## WHAT THIS TASK INVOLVES
Could you repeat every line below exactly, skipping the images?

━━━ THE DATA ━━━

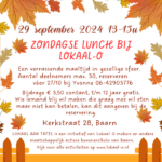 Kom genieten van een heerlijke zondagse lunchmaaltijd in een gezellige en ontspannen sfeer. Het aantal deelnemers is maximaal 30. Zonder reservering kan helaas niemand mee-eten. Aanmelden kan tot 27 september bij Yvonne, bel of app: 06-42903776 Kosten 3,50 euro, ter plekke te betalen (kinderen t/m 12 jaar gratis). Wie iemand blij wil maken die graag […]
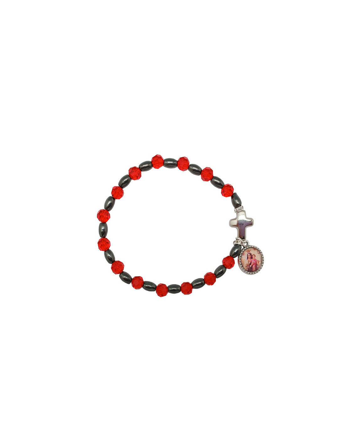Pulsera Cristal Rojo 6Mm Con Ematite Y Cruz
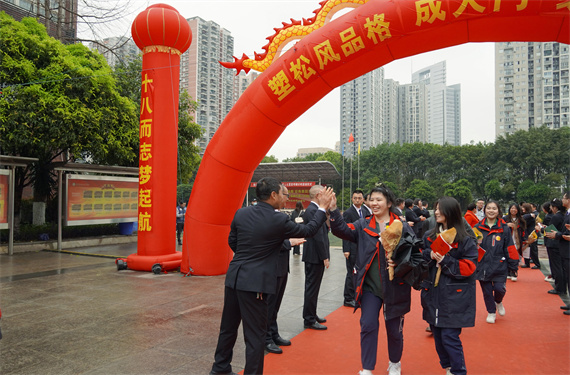 3月18日,重庆市松树桥中学举行一场别开生面的成人礼暨高考倒计时活动。松中少年集体表白,将对父母、教师爱意大声宣之于口。沐浴在爱中,这群学生在家长、教师的陪同下,共同踏上高考的征途,奔赴美好明天。
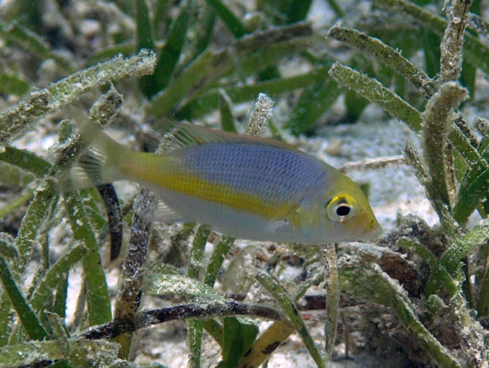 撮影 2009/08/01 沖縄県 石垣島 掲載 2014/05/09 ⇒フエフキダイの仲間 幼魚。といっても全長が15pはありました。成魚は50pにもなります。 ボクがいつも狙っているハゼやエビ・カニに比べるとフエフキダイの仲間はみんな大きいなあ。
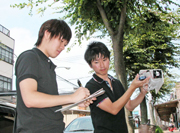 中心市街地から海岸方面へと車で移動しながら温湿度を測る工科大生=4日、市内諏訪町 (2009/08/05)

━━━

## COMPLETED TASK
 Kom genieten van een heerlijke zondagse lunchmaaltijd in een gezellige en ontspannen sfeer. Het aantal deelnemers is maximaal 30. Zonder reservering kan helaas niemand mee-eten. Aanmelden kan tot 27 september bij Yvonne, bel of app: 06-42903776 Kosten 3,50 euro, ter plekke te betalen (kinderen t/m 12 jaar gratis). Wie iemand blij wil maken die graag […]
Pulsera Cristal Rojo 6Mm Con Ematite Y Cruz
 3月18日,重庆市松树桥中学举行一场别开生面的成人礼暨高考倒计时活动。松中少年集体表白,将对父母、教师爱意大声宣之于口。沐浴在爱中,这群学生在家长、教师的陪同下,共同踏上高考的征途,奔赴美好明天。
 撮影 2009/08/01 沖縄県 石垣島 掲載 2014/05/09 ⇒フエフキダイの仲間 幼魚。といっても全長が15pはありました。成魚は50pにもなります。 ボクがいつも狙っているハゼやエビ・カニに比べるとフエフキダイの仲間はみんな大きいなあ。
 中心市街地から海岸方面へと車で移動しながら温湿度を測る工科大生=4日、市内諏訪町 (2009/08/05)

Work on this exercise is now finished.